MATERIAL PROVIDED

^^^^^^^^^^^^^^^^

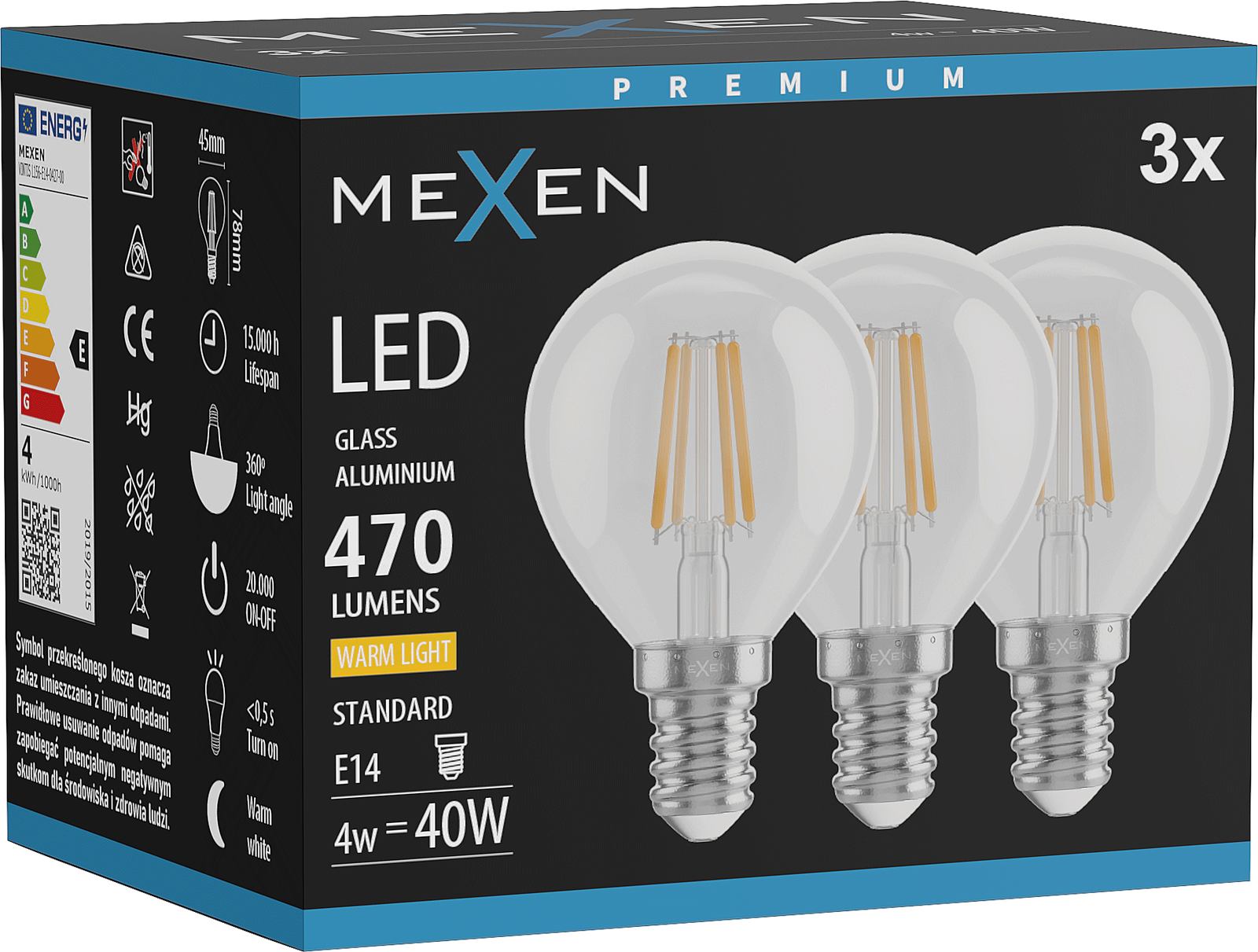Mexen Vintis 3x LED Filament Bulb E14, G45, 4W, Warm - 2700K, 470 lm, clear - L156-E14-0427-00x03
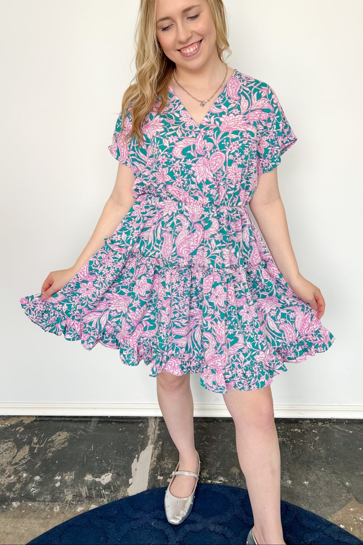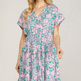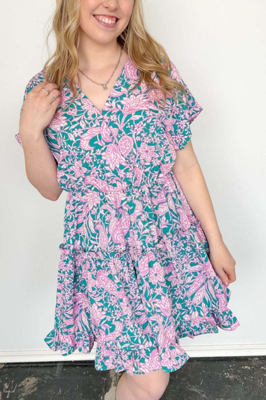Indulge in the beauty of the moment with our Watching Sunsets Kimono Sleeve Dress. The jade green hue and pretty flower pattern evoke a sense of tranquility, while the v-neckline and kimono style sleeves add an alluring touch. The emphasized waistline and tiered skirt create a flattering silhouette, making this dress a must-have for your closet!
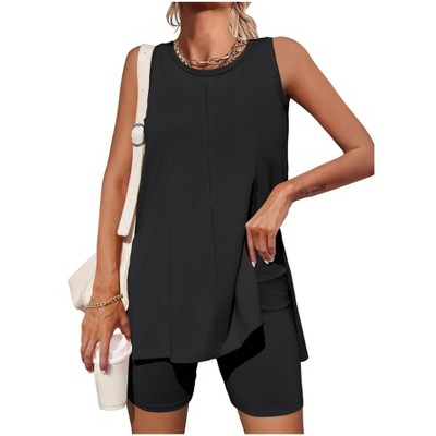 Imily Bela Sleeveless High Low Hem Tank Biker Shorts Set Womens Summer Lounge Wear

^^^^^^^^^^^^^^^^

WHAT NEEDS TO BE DONE
Working from the line that contains "Indulge in the" to the last line of the listing, please quote each line exactly, pictures excluded.

ANSWER BELOW
Indulge in the beauty of the moment with our Watching Sunsets Kimono Sleeve Dress. The jade green hue and pretty flower pattern evoke a sense of tranquility, while the v-neckline and kimono style sleeves add an alluring touch. The emphasized waistline and tiered skirt create a flattering silhouette, making this dress a must-have for your closet!
 Imily Bela Sleeveless High Low Hem Tank Biker Shorts Set Womens Summer Lounge Wear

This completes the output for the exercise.